Hafta SonuKöşe YazılarıManşet

Alternatif yaklaşımlar için zamanı yavaşlatmamız ve birbirimizle konuşmamız lazım 

0

Marmara’nın bir bütün olarak acilen korumaya alınması için sivil toplum harekete geçti. “Marmara Yaşasın” diyen insanlar ve sivil toplum kuruluşları 26 Mayıs’ta dört günlük bir “kervan” etkinliği düzenledi.

Kervana Katıl Marmara’ya Umut Ol!” diyen Marmara Yaşasın Kervanı, Marmara Denizi’nin kuzey sahillerinde Marmara Ereğlisi’nden başlayıp ardından güney sahillerine geçerek etkinliği İstanbul Adaları’nda sonlandırdı.

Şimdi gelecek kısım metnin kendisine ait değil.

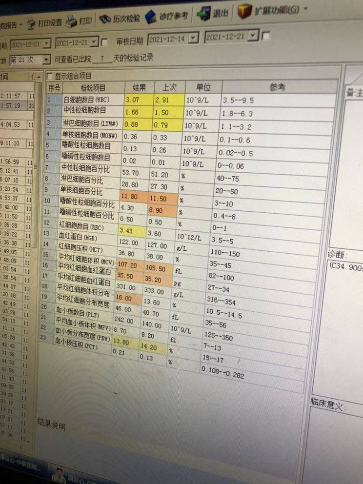 开始治疗后,白细胞一直很低,放化疗那段时间,就是升白针应对。之后靶向药和免疫治疗期间,每21天住院,白细胞总是2点多,医生后来也不给我打升白针了“打也没用,升上来还会掉下去,你适应了就行了”的确适应了,1.9的时候也没有什么感觉。感冒是经常性的,但也没有影响什么。我也就只三红汤(不喜欢红糖和花生)➕升白片地喝着。

Marmara, müsilaj ve sanayi atıkları

Dört gün boyunca Marmara Denizi’nin ve denize açılan havzaların nasıl ve hangi etkenlerle kirletildiğine dikkat çekmek üzere Çorlu, Biga, Bandırma, Bursa, Kocaeli ve Burgazada’da yapılan Kervan buluşmalarında yerel halk, çevre mücadelesi yürüten yerel sivil toplum kuruluşları ve kervan katılımcıları bir araya geldi. Marmara ve havzasındaki ekolojik yıkımı belgeleyen, bu konularda davalar açan ve kamuoyunu bilgilendirmeye çalışan yerel sivil toplum girişimleri tarım ve hayvancılık alanlarında kullanılan kimyasalların yaygın etkilerine, havzada yer alan sanayi tesislerinin atık sularının karıştığı kirli derelere ve deniz hayatının neredeyse sona erdiği körfez alanlarına dikkat çekti.

2021 yazında Marmara Denizi’nin her noktasında ortaya çıkan müsilaj, denizin topyekun hastalanmış olduğunu fark etmemize yaramıştı. Marmara’da ekolojik kırıma son diye bu kervan hareketi ile birlikte havzadaki tek tek kirletici etmenlerin bir araya geldiğinde deniz hayatını toptan nasıl tehdit ettiğini görmeye başladık. Müsilaj bu yıkımın sadece bir görünümüydü. Kervan, durduğu yerlerde düzenlediği forumlarda bir zamanlar biyoçeşitlilik açısından çok zengin olan bu denizin nasıl yok oluşa sürüklendiğini, kirleticilerin neler, kimler, hangi dinamikler olduğunu tartışmaya açtı.

Ölümün eşiğine gelen Marmara

Marmara Denizi’nin ölümün eşiğine neden geldiğini TBMM Müsilaj Komisyonu Raporu’nda ve bu rapora eklenen şerh metinlerinde, bu konuda yayınlanan birçok akademik yayında okuduk. 

Marmara kıyı şeridi boyunca ve havzasında artan kentleşme ve sanayileşme sonucu kentsel ve sanayi atık sularının arıtılmadan deniz ortamına veriliyor olması, tarımda kullanılan kimyasal gübrelerin nehirlere ve toprağa karışarak su kaynaklarını kirletmesi, deniz taşımacılığı kaynaklı kirleticilerin çoğalması, kıyıların betonlaştırılması, temel nedenler.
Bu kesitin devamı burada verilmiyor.